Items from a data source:
=======

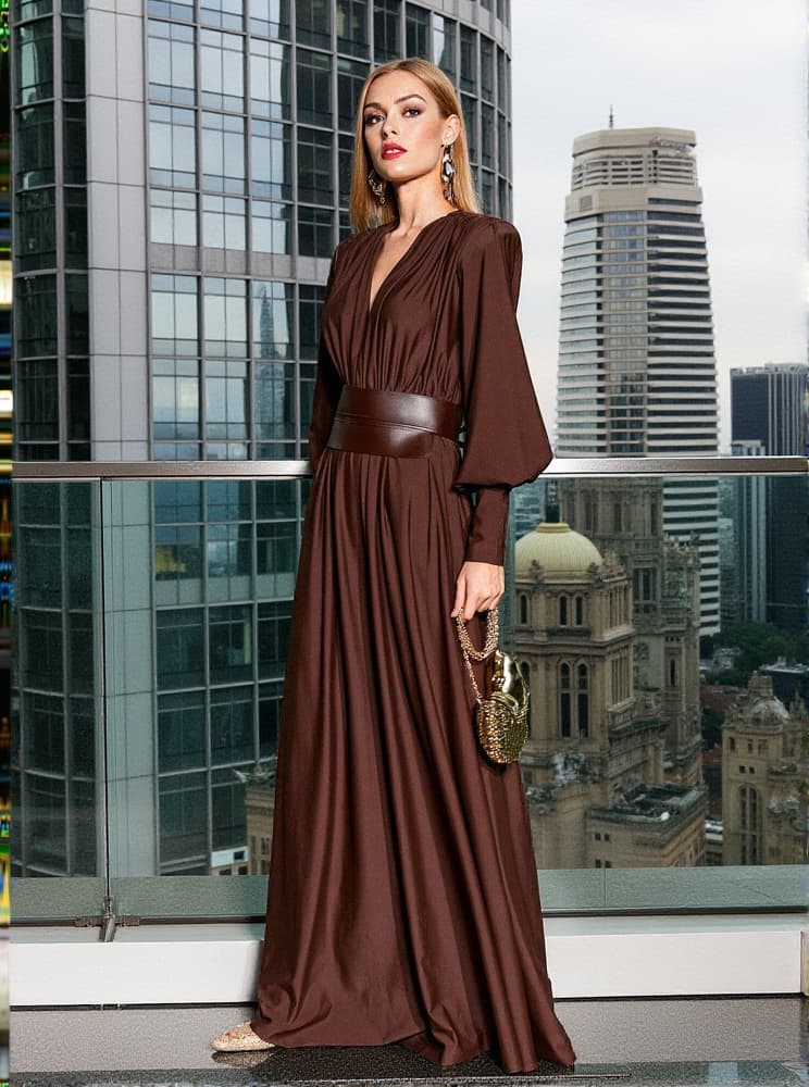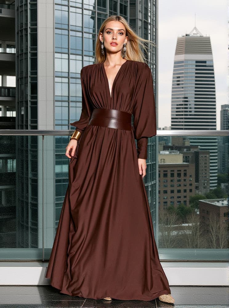 Cosmo V Neck Belted Maxi Dress
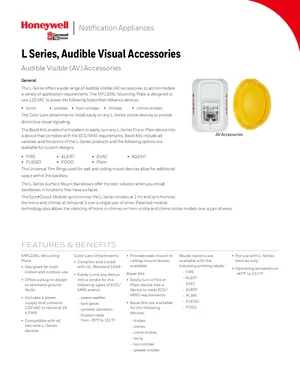 Datasheet for the Gamewell FCI L Series Audible Visual Accessories, published in 2018. Document No: 9021-60934, Rev: C. Model MP120KL. Engineering specifications, wiring diagrams, and mounting dimensions.
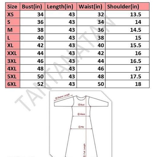 5XL (Bust Size: 50 in, Size Length: 43 in)
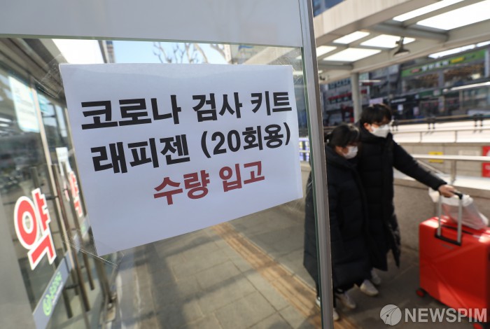 [서울=뉴스핌] 김민지 기자 = 품귀 현상이 일어났던 코로나19 자가검사키트가 6일부터 추가 공급된다. 식품의약품안전처에 따르면 오는 12일까지 약국과 온라인 쇼핑몰에 각각 508명분, 492만명분이 순차적으로 공급된다. 이번 공급은 지난달 29일 960만명분 이후 추가된 물량이다. 사진은 이날 오전 서울 시내 약국에 붙은 자가검사키트 입고 안내문. 2022.02.06 kimkim@newspim.com
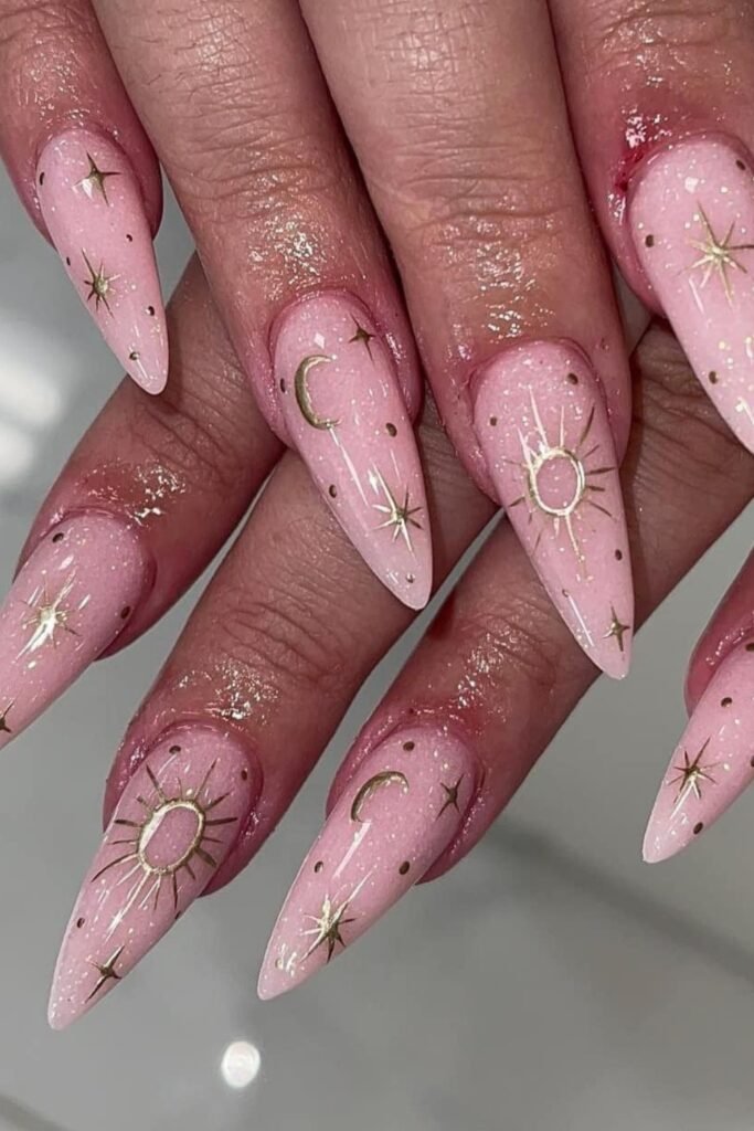 You get a pink, glitter-dusted base that keeps things romantic, while the gold suns and crescent moons stretch beautifully along the pointed shape.
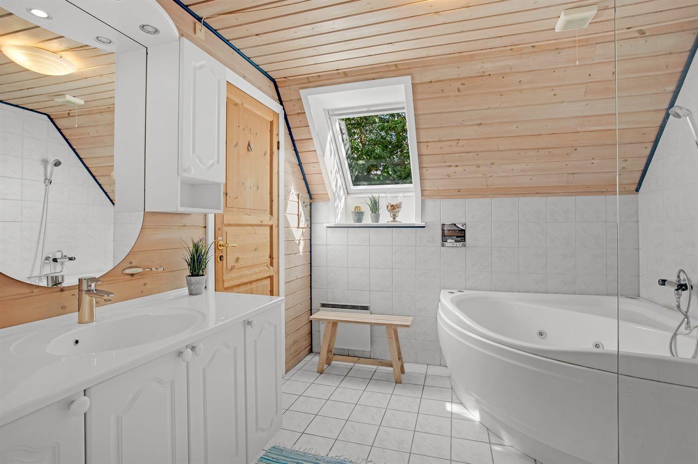 Der er 1 badeværelse med bruseniche og 1 toilet., heraf 1 gæstetoilet. Der er gulvvarme på 1 badeværelse.
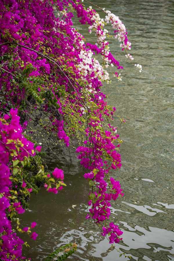 我们前来打卡的时候天气并不是很好,但满眼的绿色和清新的空气让人感到心旷神怡,江边怒放的玫红色和粉红色三角梅为这个春天增添了鲜活艳丽的色彩,待到临近离开的时候,天气稍微好转,公园内外的景色更加明艳。
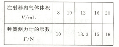 观察表中的数据可以发现:注射器内的气体变化为原来体积的2倍时,注射器内气体对活塞的压力减半,由上表可知,注射器内气体为20mL时注射器内气体对活塞的压力为4N,因此注射器内气体为10mL时注射器内气体对活塞的压力为8N,当注射器内气体体积为10mL时,弹簧测力计示数为F测力计 = 20N - 8N = 12N.②当注射器内气体体积为20mL时,弹簧测力计的示数为16N,外界大气压对活塞的压力为20N,则注射器内气体对活塞的压力为F内 = F大气压 - F测力计 = 20N−16N = 4N,由压强公式$p = \frac{F}{S}$可得,注射器内大气压为p内$ = \frac{F内}{S} = \frac{4N}{2×10^{-4}m²} = 2×10⁴Pa.$
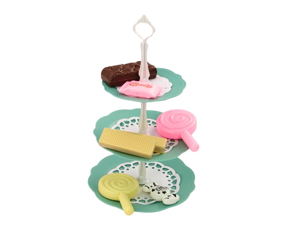 Každá z nich je vyrobena s důrazem na detaily, což jim dodává realistický vzhled a povzbuzuje ke kreativní hře Hlavním prvkem sady je nádherná, tyrkysová stojan na sladkosti s třemi patry, který poskytuje dostatek prostoru pro vystavení různorodých sladkostí
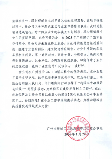 信中表示,广州院子高层G9号楼是广东省房地产保交付重点关注楼盘,承载着众多购房业主的期盼,在项目推进过程中,广州院子项目管理团队以多种形式主动与业主保持密切联系,及时通报项目进展情况,耐心回应业主的各类关切与诉求,用心用情解决业主的实际问题。在项目管理团队的不懈努力下,G9号楼工程于2025年12月顺利通过竣工备案验收,有效缓解购房业主的收房焦虑,同时为增江街的经济发展注入了强劲动力,更为维护区域社会稳定筑牢了坚实基础。
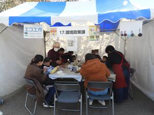 (2)エコ工作の様子。みんな楽しそうに工作をしていました。
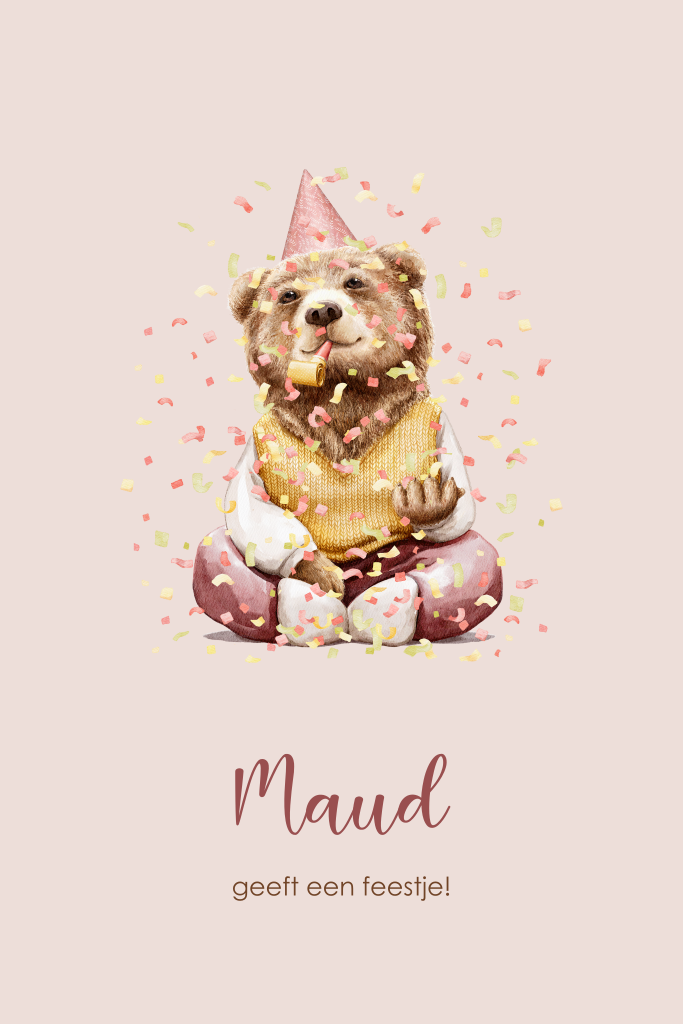 Is je dochter binnenkort jarig en ben je van plan een feestje te geven? Stuur dan deze leuke, beige uitnodiging rond onder je gasten, met een vrolijke beer die een feestelijke muts draagt en omringd is door confetti. Je kunt de verjaardagskaart eenvoudig personaliseren met behulp van onze editor.
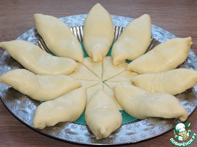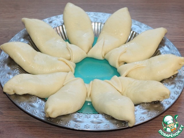 17. Соединяем края лепешки и прищипываем. Формируем пирожок.
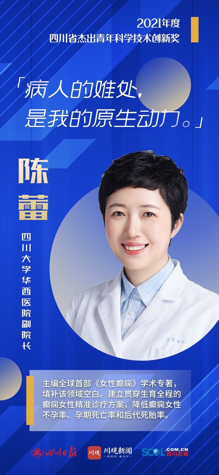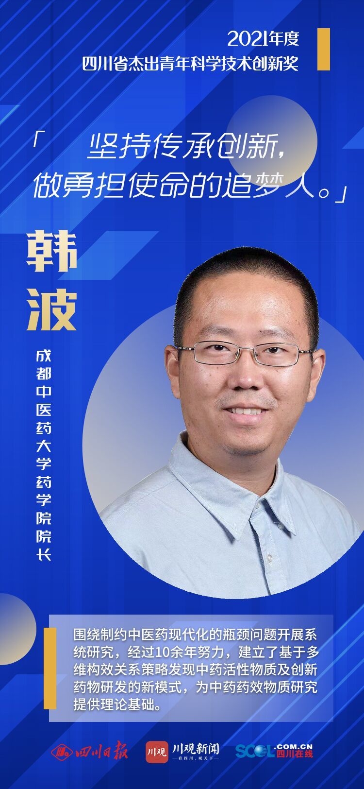 2021年度四川省科学技术奖首次设立“四川省杰出青年科学技术创新奖”,奖励在科技基础研究和应用开发中取得重大成果的青年科技工作者,为他们开辟单独支持渠道,进一步激发青年人才创新活力。该奖获得者于提名当年1月1日应未满40周岁,且提名年度在川工作。
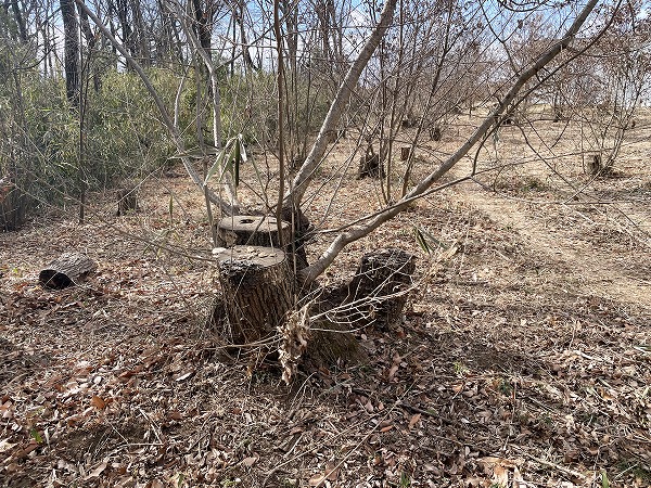 これは「萌芽更新(ほうがこうしん)」という、意図的に行われた作業と教えていただきました。
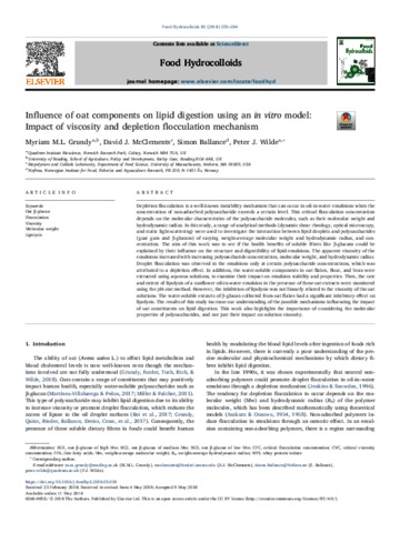 Grundy, M. M. L., McClements, D. J., Ballance, S. and Wilde, P. J. (2018) Influence of oat components on lipid digestion using an in vitro model: impact of viscosity and depletion flocculation mechanism. Food Hydrocolloids, 83. pp. 253-264. ISSN 0268-005X doi: 10.1016/j.foodhyd.2018.05.018

=======

## About this task:
The answer must be the lines of the entries above, written out exactly from the first through the one with "F大气压 - F测力计", and no pictures.

## Task answer:
 Cosmo V Neck Belted Maxi Dress
 Datasheet for the Gamewell FCI L Series Audible Visual Accessories, published in 2018. Document No: 9021-60934, Rev: C. Model MP120KL. Engineering specifications, wiring diagrams, and mounting dimensions.
 5XL (Bust Size: 50 in, Size Length: 43 in)
 [서울=뉴스핌] 김민지 기자 = 품귀 현상이 일어났던 코로나19 자가검사키트가 6일부터 추가 공급된다. 식품의약품안전처에 따르면 오는 12일까지 약국과 온라인 쇼핑몰에 각각 508명분, 492만명분이 순차적으로 공급된다. 이번 공급은 지난달 29일 960만명분 이후 추가된 물량이다. 사진은 이날 오전 서울 시내 약국에 붙은 자가검사키트 입고 안내문. 2022.02.06 kimkim@newspim.com
 You get a pink, glitter-dusted base that keeps things romantic, while the gold suns and crescent moons stretch beautifully along the pointed shape.
 Der er 1 badeværelse med bruseniche og 1 toilet., heraf 1 gæstetoilet. Der er gulvvarme på 1 badeværelse.
 我们前来打卡的时候天气并不是很好,但满眼的绿色和清新的空气让人感到心旷神怡,江边怒放的玫红色和粉红色三角梅为这个春天增添了鲜活艳丽的色彩,待到临近离开的时候,天气稍微好转,公园内外的景色更加明艳。
 观察表中的数据可以发现:注射器内的气体变化为原来体积的2倍时,注射器内气体对活塞的压力减半,由上表可知,注射器内气体为20mL时注射器内气体对活塞的压力为4N,因此注射器内气体为10mL时注射器内气体对活塞的压力为8N,当注射器内气体体积为10mL时,弹簧测力计示数为F测力计 = 20N - 8N = 12N.②当注射器内气体体积为20mL时,弹簧测力计的示数为16N,外界大气压对活塞的压力为20N,则注射器内气体对活塞的压力为F内 = F大气压 - F测力计 = 20N−16N = 4N,由压强公式$p = \frac{F}{S}$可得,注射器内大气压为p内$ = \frac{F内}{S} = \frac{4N}{2×10^{-4}m²} = 2×10⁴Pa.$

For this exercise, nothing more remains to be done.